◆ EXERCISE AIM: Output, word for word, each line from the one with "Двухцветный узор из" through the end of the listing below, excluding every picture.

◆ PROVIDED DATA:
- - - - -
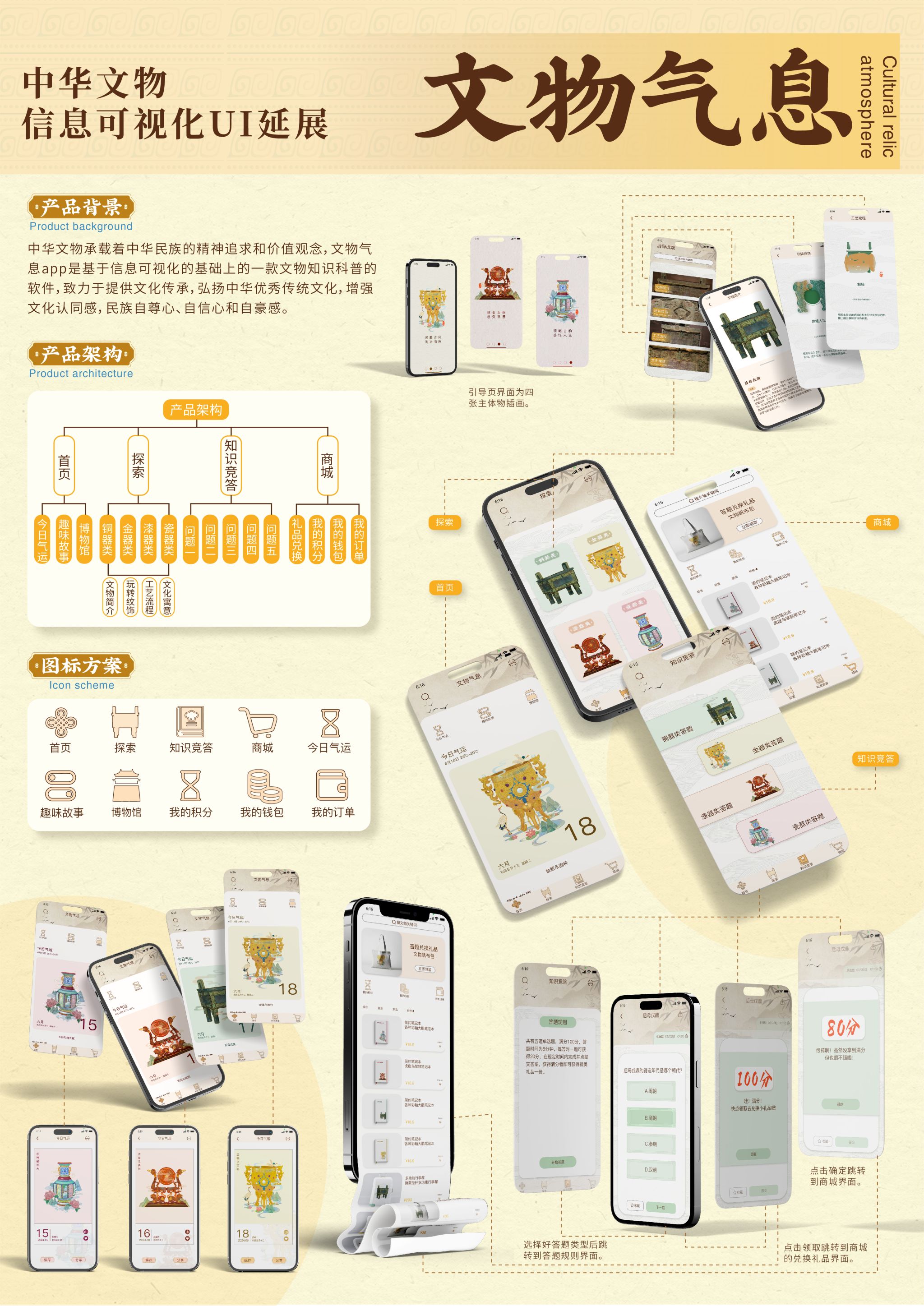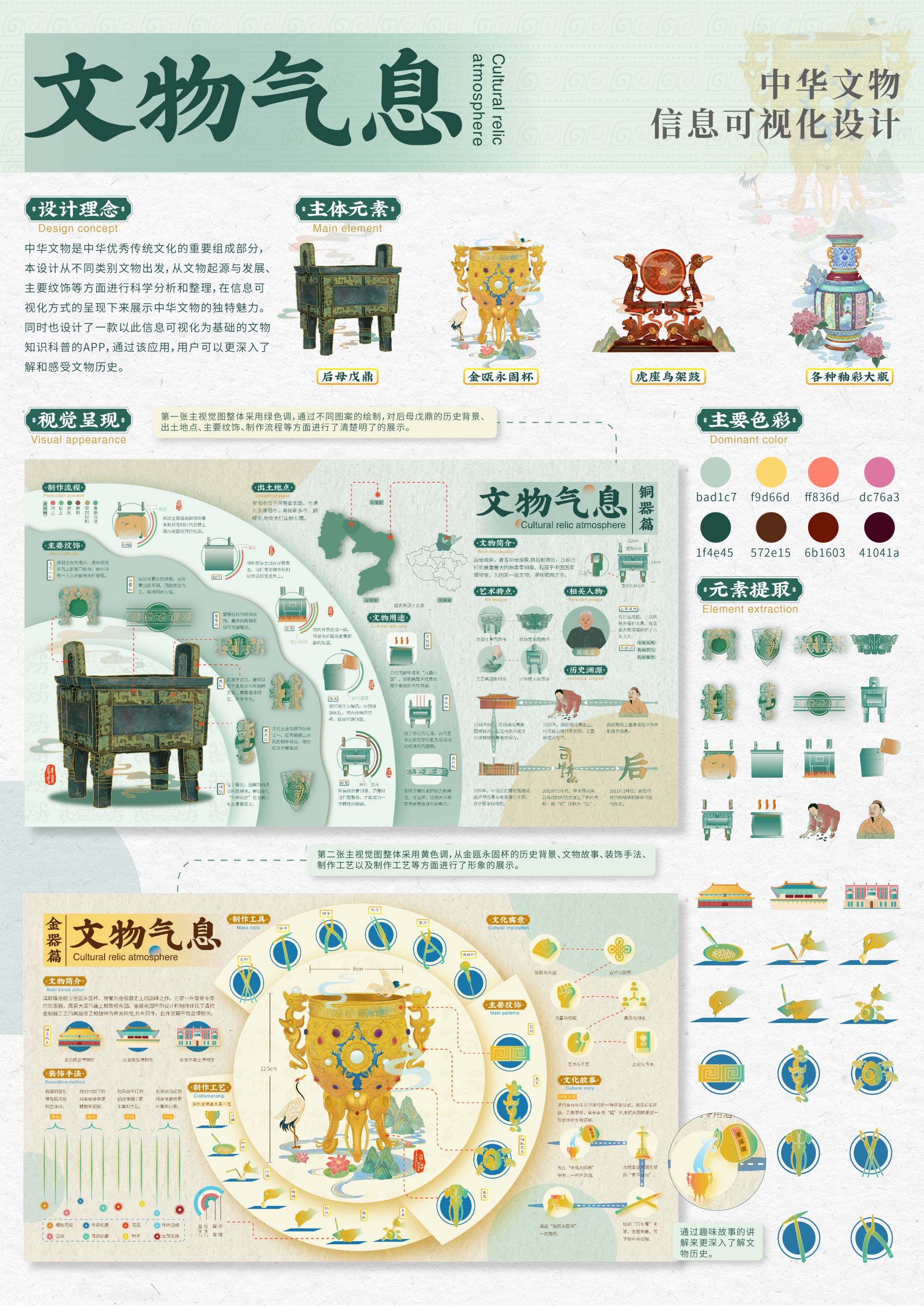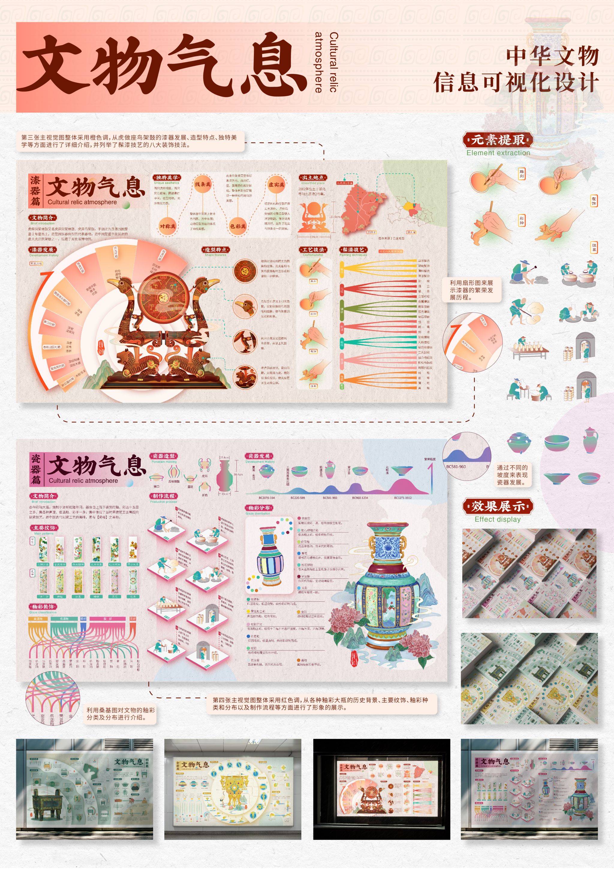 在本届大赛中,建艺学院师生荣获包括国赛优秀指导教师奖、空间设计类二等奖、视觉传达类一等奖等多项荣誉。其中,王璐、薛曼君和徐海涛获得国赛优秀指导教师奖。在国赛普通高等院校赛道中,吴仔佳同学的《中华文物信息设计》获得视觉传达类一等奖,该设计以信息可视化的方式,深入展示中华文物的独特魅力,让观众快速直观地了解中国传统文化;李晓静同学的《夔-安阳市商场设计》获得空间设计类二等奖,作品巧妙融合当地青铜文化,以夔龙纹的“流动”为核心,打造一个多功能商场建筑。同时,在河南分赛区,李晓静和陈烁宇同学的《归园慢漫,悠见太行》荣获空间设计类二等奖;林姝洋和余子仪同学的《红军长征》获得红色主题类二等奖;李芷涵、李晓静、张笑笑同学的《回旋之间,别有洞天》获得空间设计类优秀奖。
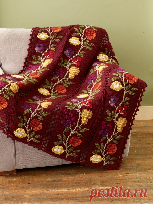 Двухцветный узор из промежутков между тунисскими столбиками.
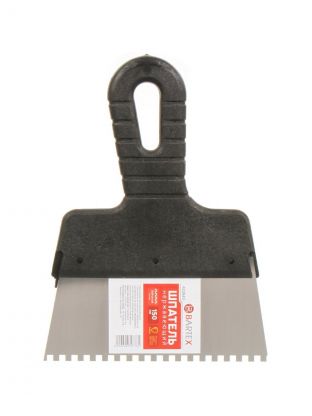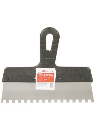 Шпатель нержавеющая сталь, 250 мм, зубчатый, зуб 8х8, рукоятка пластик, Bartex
- - - - -
◆ OUTPUT OF THE TASK:
 Двухцветный узор из промежутков между тунисскими столбиками.
 Шпатель нержавеющая сталь, 250 мм, зубчатый, зуб 8х8, рукоятка пластик, Bartex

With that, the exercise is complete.